Saturday, July 28, 2007

i miss jpmc!

n those requests... and the glee-ful abandon... and the thrill of doing nothing really...

and the beautiful ladies maybe?

Thursday, July 12, 2007

New realizations & beginnings

It tremendously aggrevated my sense of loss.. nostalgia struck me much harder... and the part in me which wants to cling to the comfort of the old really wanted to run back to the maximum city and claim... that.. which had been rightfully mine... all these 24 yrs... when i thought of how she would leave for college this morning... would go sit in a class.. snooze through a couple of lectures... and then go out on a coffee break.. chit-chat in the canteen.. get done sometime in the afternoon.. and come back to the comfort of home.. and have the whole evening to yet plan something with friends...

suddenly then... i am reminded.. that my day's in college stretched past-mid-night on most occassions.. also... the only bonding we did do.. was me n him... sitting on that lil ledge outside the canteen... with our sleepy-stoned looks.. unnecessarily long hair... loose clothes and a condescending attitude towards every mortal we could lay our eyes on..

the oblivion towards every mortal who could snatch a whiff of oxygen in that over-crowded space that was best meant for a batch of 100 and best utilized by scores of 16 yr old's instead..

the abondon of presentations... the pointlessness of theory... that had no practical application.. which is also sadly not very true.. when you actually start working... and the utter disdain with which we regarded all people that would take anything seriously or put too much effort into any important activity..

when the to-do lists of the day or week .. were about paying the credit card and phone bills.. the lies to tell to cover the inflated fuel bills (something tells me the bills will yet remain just as integral part of my life now.. as then) and which movie to see... with which of them... today.. there are no movies and there are no companions.. maybe its only fair?

and then suddenly.. through this cloud of nostalgia and feeling bad about all that we missed out on... as a silver-lining or maybe a whole new spin on life.. we see the reality of finally moving away from home.. finally renting out a 2bhk.. where you would live alone.. .and be responsible for locking the door.. shutting the taps and switching off the lights.. also... where you can lay down quitely in your bed and not have to think why will anyone come and ask you something.. and will you have to come up with an answer?

and then... the meeting new people.. who were so much fun.. that they so very easily become friends? of seeing new places and experiencing a new cities customs.. .from tram's to metro's...

of going to yet more interesting places and meeting yet more interesting people.. of broadening your horizons from a city to a country suddenly... of finding inter-connectivity at the national level ;) ;)

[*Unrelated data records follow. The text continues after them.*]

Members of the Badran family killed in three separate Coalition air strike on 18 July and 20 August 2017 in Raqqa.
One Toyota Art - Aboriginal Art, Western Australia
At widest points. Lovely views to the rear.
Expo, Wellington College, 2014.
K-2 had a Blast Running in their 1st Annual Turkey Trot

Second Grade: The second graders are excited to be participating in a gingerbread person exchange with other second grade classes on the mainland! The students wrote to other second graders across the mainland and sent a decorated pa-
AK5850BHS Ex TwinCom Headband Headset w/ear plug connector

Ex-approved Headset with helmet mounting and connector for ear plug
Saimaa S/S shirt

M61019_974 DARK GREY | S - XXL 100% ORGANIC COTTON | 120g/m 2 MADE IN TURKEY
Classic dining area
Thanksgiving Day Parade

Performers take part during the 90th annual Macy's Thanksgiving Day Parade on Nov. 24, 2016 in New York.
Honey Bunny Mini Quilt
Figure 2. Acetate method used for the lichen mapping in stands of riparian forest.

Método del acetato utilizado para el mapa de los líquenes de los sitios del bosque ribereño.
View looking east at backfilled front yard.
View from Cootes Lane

of people actually thinking you know something.. and your opinion really counts.. where there is a reward... even if only notional.. linked to the awareness or interest shown by people..

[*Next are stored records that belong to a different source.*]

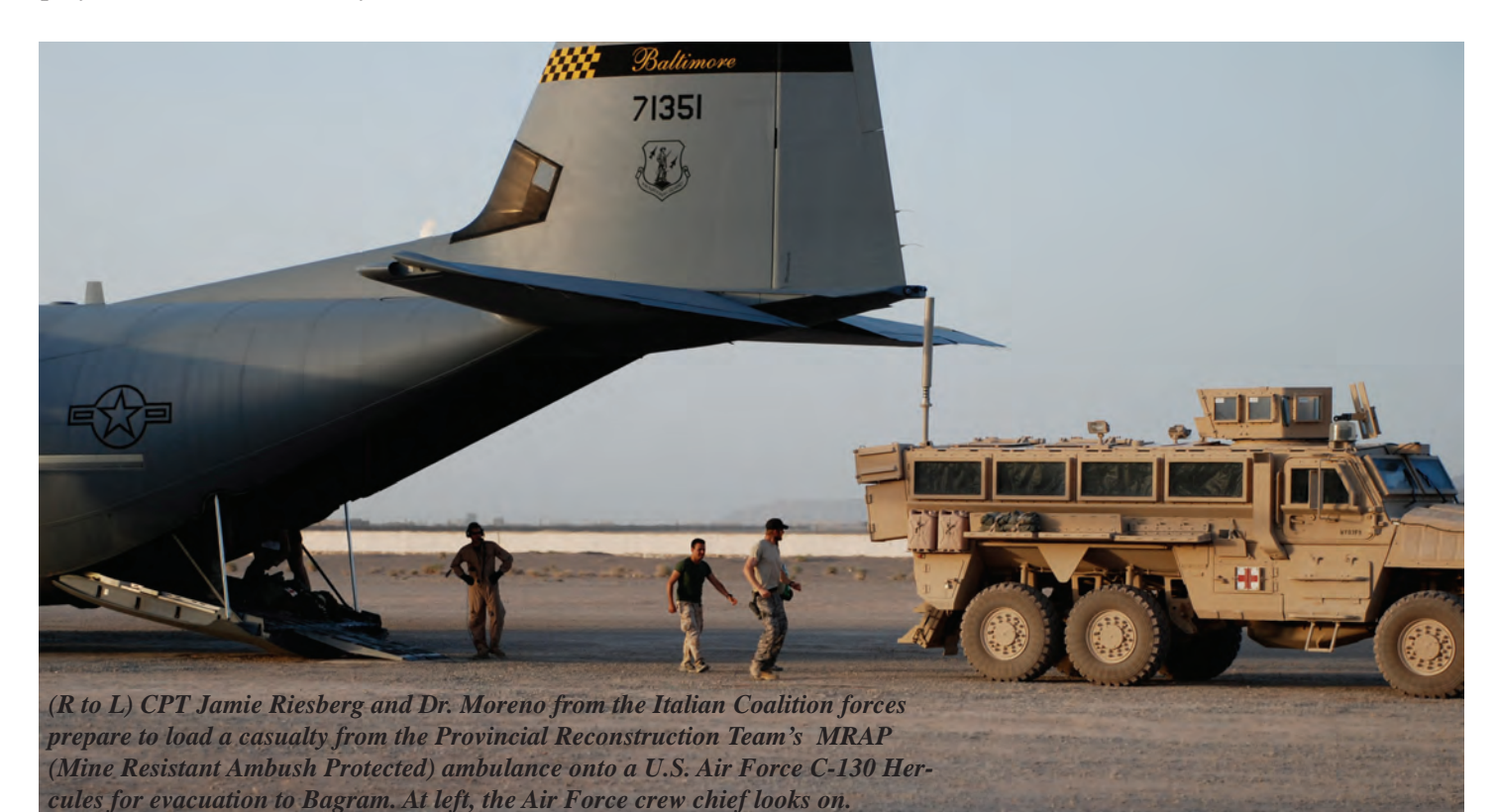
Journal of Special Operations Medicine Volume 9, Edition 2 / Spring 09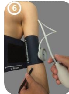
Left brachial artery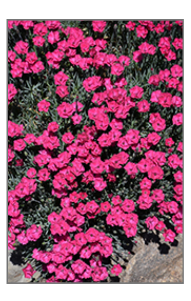
Paint The Town Red Pinks flowers

Breathtaking flowers are red with magenta overtones, above mounds of glaucous blue foliage; great for flower arrangements; deadhead to rebloom; pair up with summer blooming perennials and annuals to time a continued flower display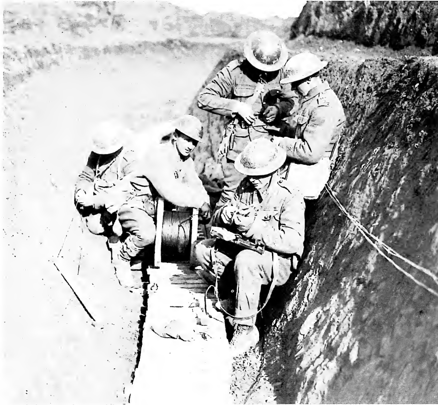
Repairing wire in a communication trench, February 1918.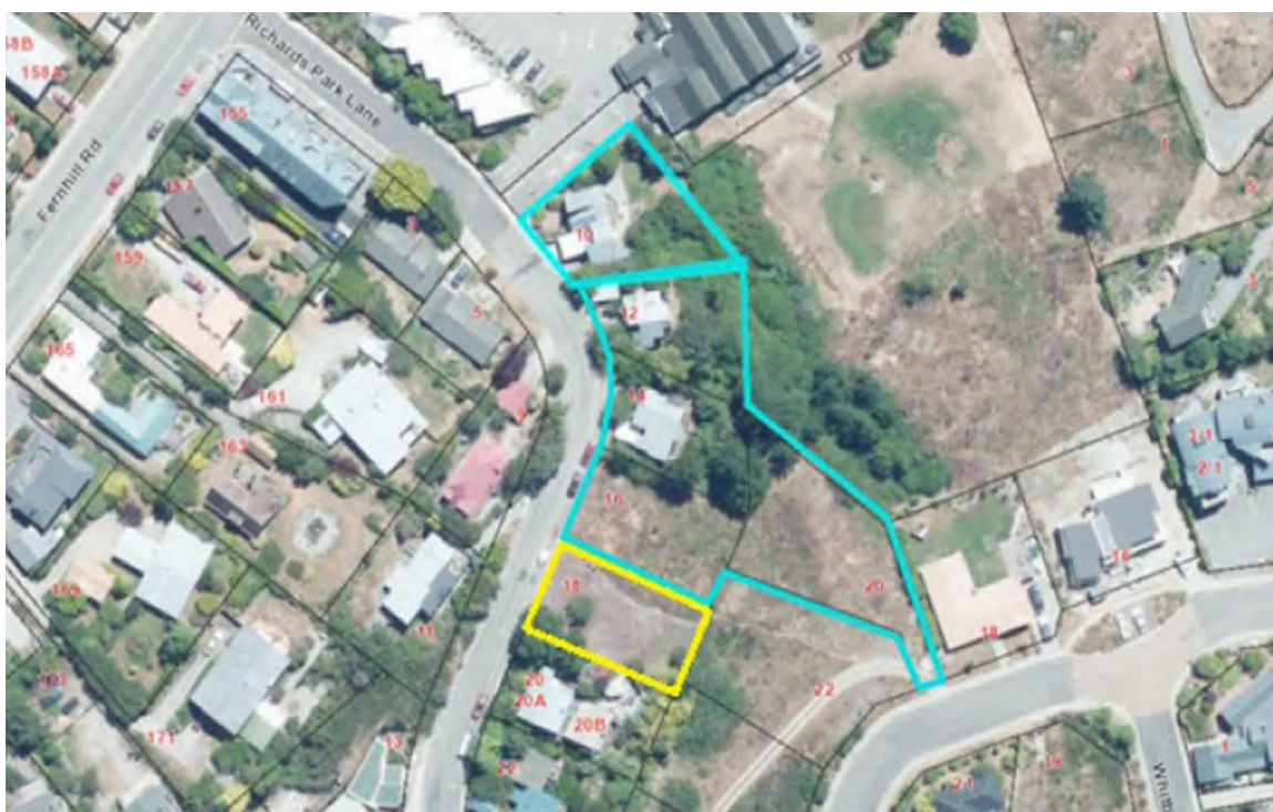
Figure 2-7 Aerial Photograph showing VASZ extension sought by the submitter outlined in blue and property owned by the further submitter outlined in yellow

there's a lot of missing the old.. the comfortable.. the easy.. and there is just so much excitement of experiencing this new and observing the changes as they happen....

from being a sad post... about missing my dhiraj cuppa.. this post is suddenly enjoying the kulhad tea and jhal-mudi!

Sunday, July 01, 2007

Ode to home...

the last sprint down marine drive
the last drinkin binge of a night
the last night with friends...
the last sun-set

the last sound sleep
in the comfort of my bed

the last warm glass of milk
early in the morning

the last of waking up without alarms!
no gleeful abandon and carelessness

the last drive....
oh so swift....

the last of... student life
of life-long friends...
of relationships and memories

of bumping into acquaintances
every corner and street

the last of lasts
the new shall now last

n i may move physically geographies
but my soul from this city.. shan't depart!